Saturday, November 05, 2011
Another day tucked under my belt of good eating, no candy and more activity. I am envisioning myself in a better, bright light. I saw someone in the supermarket today who was a fit woman and she was nimbly zipping here and there. I was zipping in my own way, and thinking ahead and realizing (and accepting) that I can also some day be there too.
That was an exciting thought to not just think about, but accept for truth. One person who has given me that feeling that this is mine to grab is my friend, MOMMA LITTLE. It has been great to see her transformation and her positive attitude.
That is my difference maker lately. I have given up my negativity (it was weighing me down) and starting looking deep down in myself for strength. There are SO MANY people who inspire me - both sparkies and not. If you are reading this blog, please do count yourself among those who do.
I looked at myself in the mirror today and told myself (yes, I do have a lot of talks with myself) that while MANY inspire me and help me along, ultimately I am responsible for my success. I am responsible for everything, for doing or not doing. Some may be along for the ride to help me - or sadly those who are around to push my buttons and get under my skin, but no one can make me do anything (good or bad) without my consent. I am the one who is driving the bus. I am driving my own destiny.
The more I recognize this, and embrace it, the better I do.
This morning's diner breakfast was unlike any other. Why? I put my fork down.
I had a spinach omelette with home fries, but I did not eat all of it. I am a long standing member of the clean plate club, and I ate what I wanted, s-l-o-w-l-y (also a miraculous feat) and enjoyed it, without leaving the restaurant feeling as if I would burst. Whoa, what do you know? I can do this. I am doing this. Life is good. I am feeling in balance.
How do you visualize yourselves, sparkies?
Thursday, November 03, 2011
Good morning, sparkies!
I'm continuing my happy dance and celebrations today. Woo hoo! Won't you whoop it up with me?
I got up at 4:30am (not intentionally, but I was awake, so I figured what the heck) and convinced myself I should work out with my wii!

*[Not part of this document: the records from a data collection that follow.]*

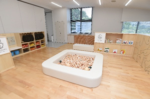 はじめてルームには、生き物が登場する絵本が置いてあったり、卵のプールで遊んだりできるので、赤ちゃんでも無理なく遊べる場所です。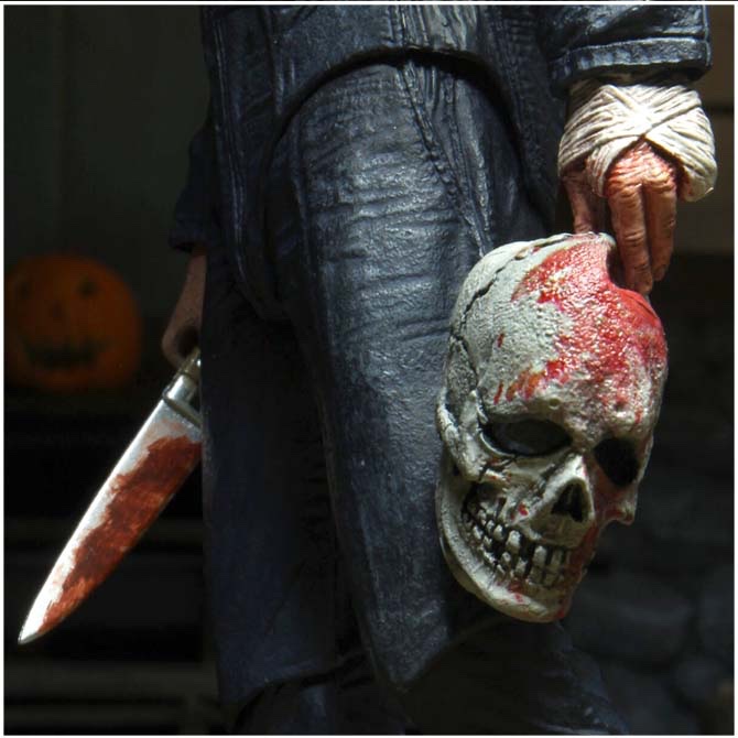 This screen-accurate Michael Myers action figure stands in 7″ scale and comes with knives, bat, bulb, skull mask, Halligan bar and interchangeable head and hands… and he’ll need it all when the Strode women set out to end his evil reign of terror.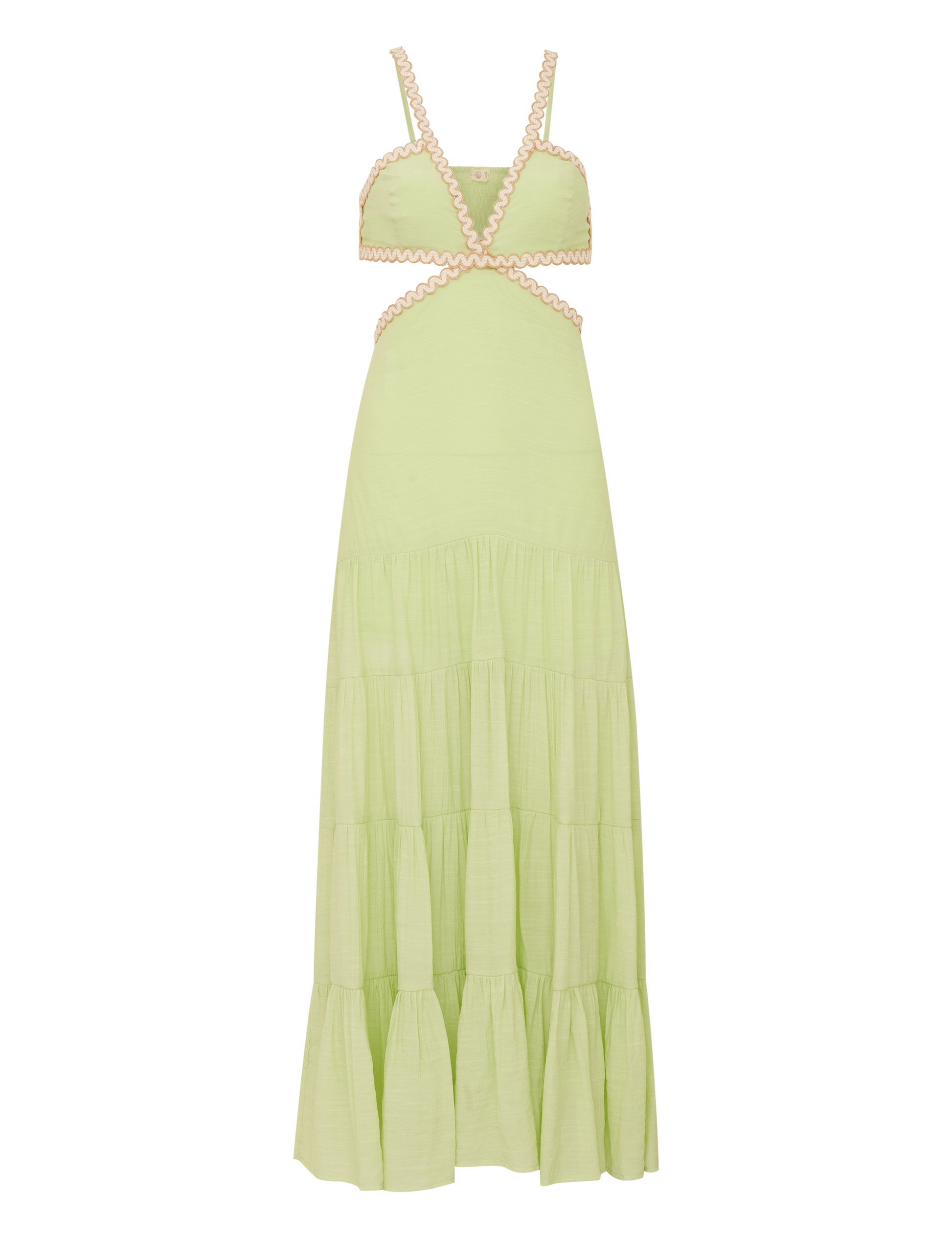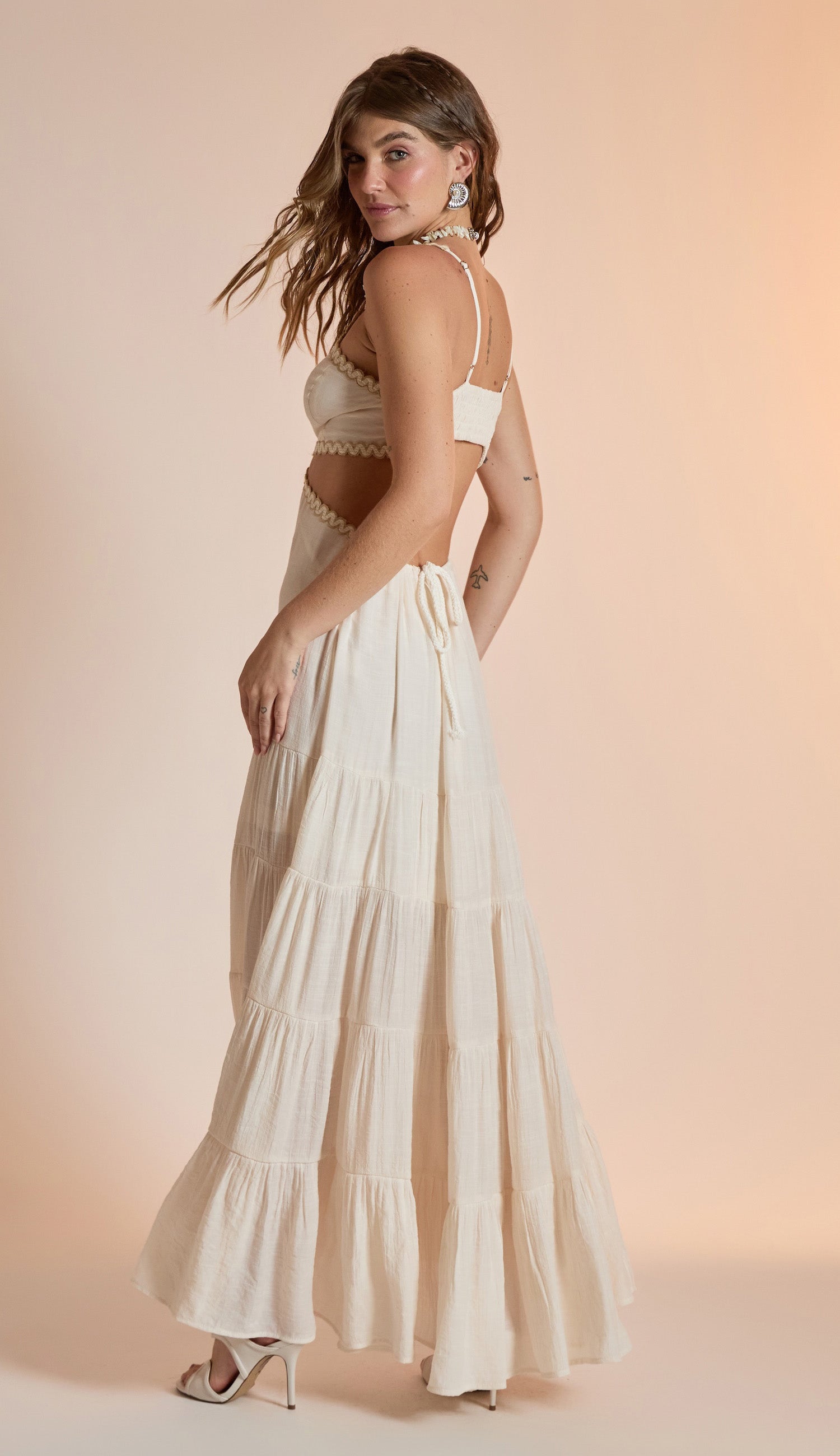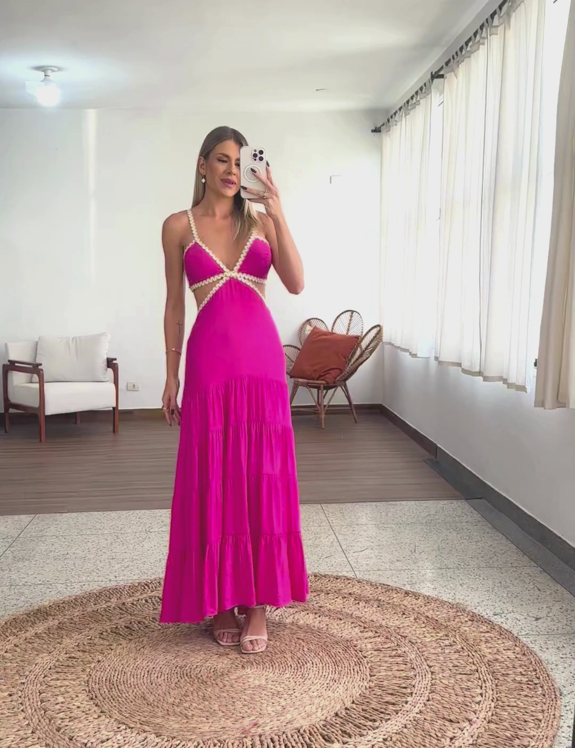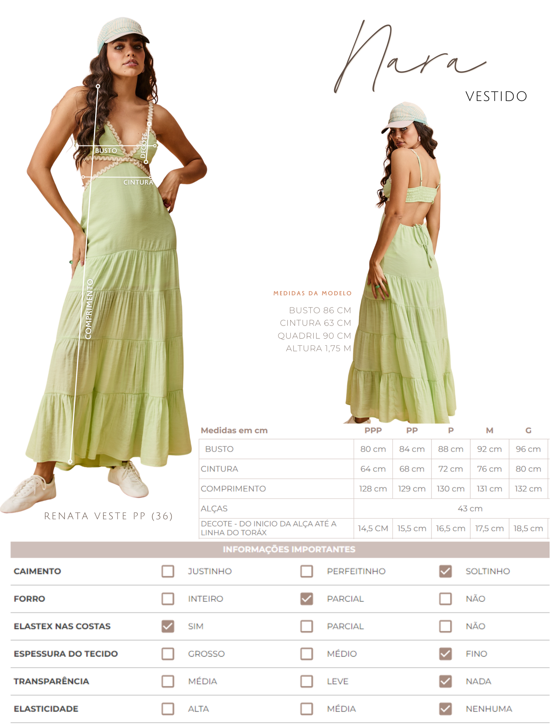 Vestido longo com forro, confeccionado em poliviscose texturizado com aspecto de linho e efeito amassadinho. Possui decote profundo em V, lastex franzido nas costas e aplicação de rendas com sisal entrelaçados bicolor até as alças, que são finas e reguláveis, e também na cintura, aonde conta com um recorte que deixa a região á mostra. A saia conta com recortes em camadas e franzidos, cordão traseiro para ajuste e amarração.

I feel more awake right now than I have felt in weeks. I'm smiling. I am feeling good.
I encouraged myself with words of "amazing, phenomenal, you are doing it" during my work out. I had fun. I topped some previous records. More importantly, I kept going.
When I was done, I had my best blood sugar reading of the week. That's a good reason alone to get back on the wii bandwagon --- even though there are several dozen others....
A couple of weeks ago, a person paid me an unexpected and heartfelt compliment. It has helped me turn around my thinking in that I am celebrating myself at every turn instead of the usual naysaying. It has taken work, but it is becoming easier and second nature with practice.
So far, I like the results. I am celebrating every little step in the right direction and encouraging myself more than ever before. It definitely beats the alternative. That was not working for me a bit. I am unlocking the code to my human nature. I respond best to TLC.
Try a little love, sparkies. See what it brings.
Wednesday, November 02, 2011
I promised myself I would celebrate my progress, so I am!
I did not eat any candy today. I wish I could pretend that I've only been eating it on "the" holiday. I've made it a month or two faux celebration, and that type of party is over.
The pity party has also run its course.
There's a new sheriff in town, and this one is only interested in what can I do to save me.
Today, I am not focusing on the bad and the ugly, I am only here to celebrate: and so I shall.
I ate fruit/veggies today at all meals. I kept my blood sugar in check. I had an active day. I did not give into the temptation of eating sugar. WOO HOO!
I am wicked proud of myself.
Here's hoping for another big win tomorrow!
I am on the comeback trail. Hope to see you there!